Task - What you return must match the listing below character for character, minus any pictures.

Data excerpt -
-- Opening Marker --

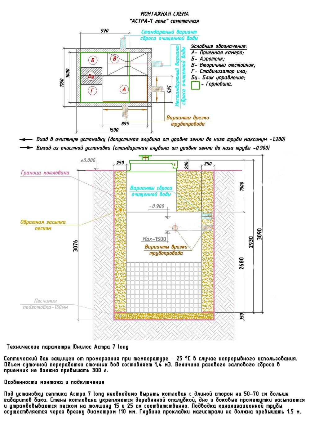 Лонг — высота станции 3,00 м. Врезка (вход трубы) до 1,50 м от уровня земли до нижнего края трубы.
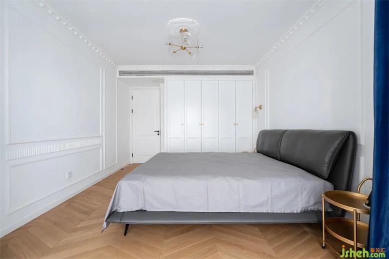 深灰色的皮質(zhì)床頭沉穩(wěn)大氣,一側(cè)的衣柜保證了日常裝修的儲(chǔ)物需求。
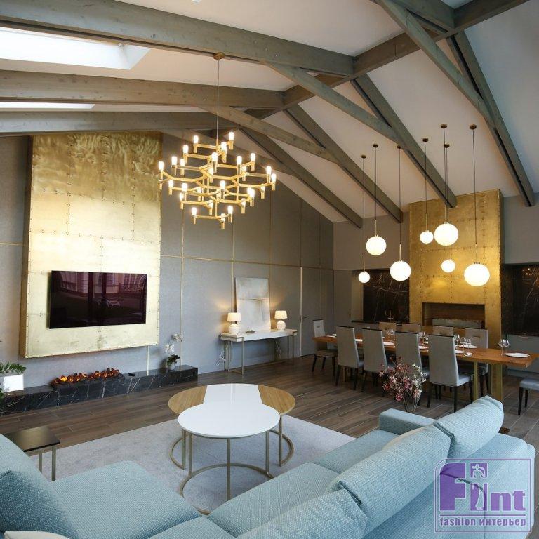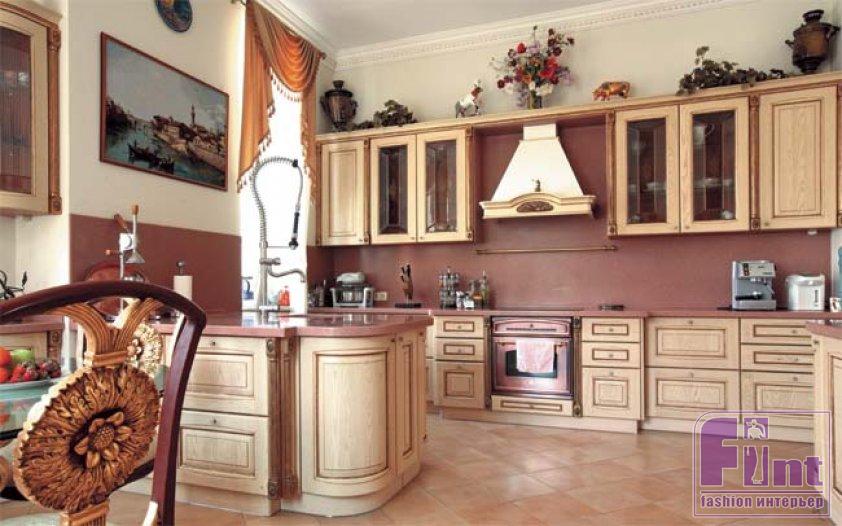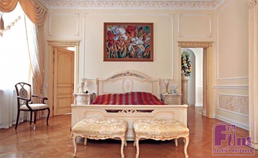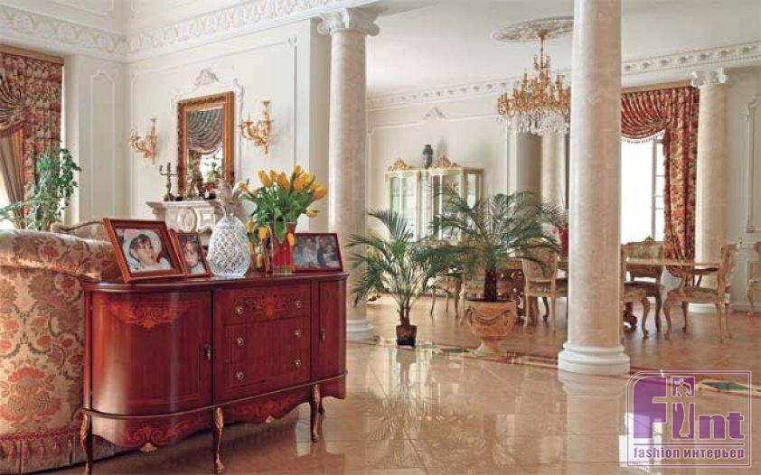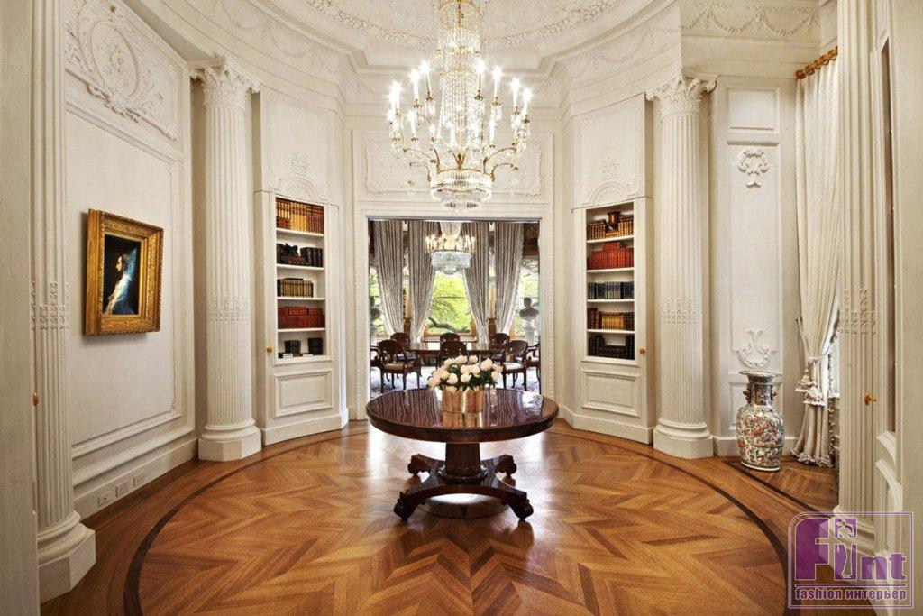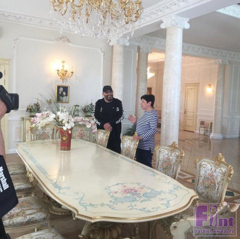 Основной фон интерьера — светлый. На стенах зеркала, картины, подсвечники. Дорогая, роскошная, массивная мебель. Кухня весьма просторна, с удобной рабочей зоной в центре. На территории особняка также оборудовано помещения для обслуживающего персонала, собственная автомойка, несколько гаражей.

-- Closing Marker --

Response to the exercise -
 Лонг — высота станции 3,00 м. Врезка (вход трубы) до 1,50 м от уровня земли до нижнего края трубы.
 深灰色的皮質(zhì)床頭沉穩(wěn)大氣,一側(cè)的衣柜保證了日常裝修的儲(chǔ)物需求。
 Основной фон интерьера — светлый. На стенах зеркала, картины, подсвечники. Дорогая, роскошная, массивная мебель. Кухня весьма просторна, с удобной рабочей зоной в центре. На территории особняка также оборудовано помещения для обслуживающего персонала, собственная автомойка, несколько гаражей.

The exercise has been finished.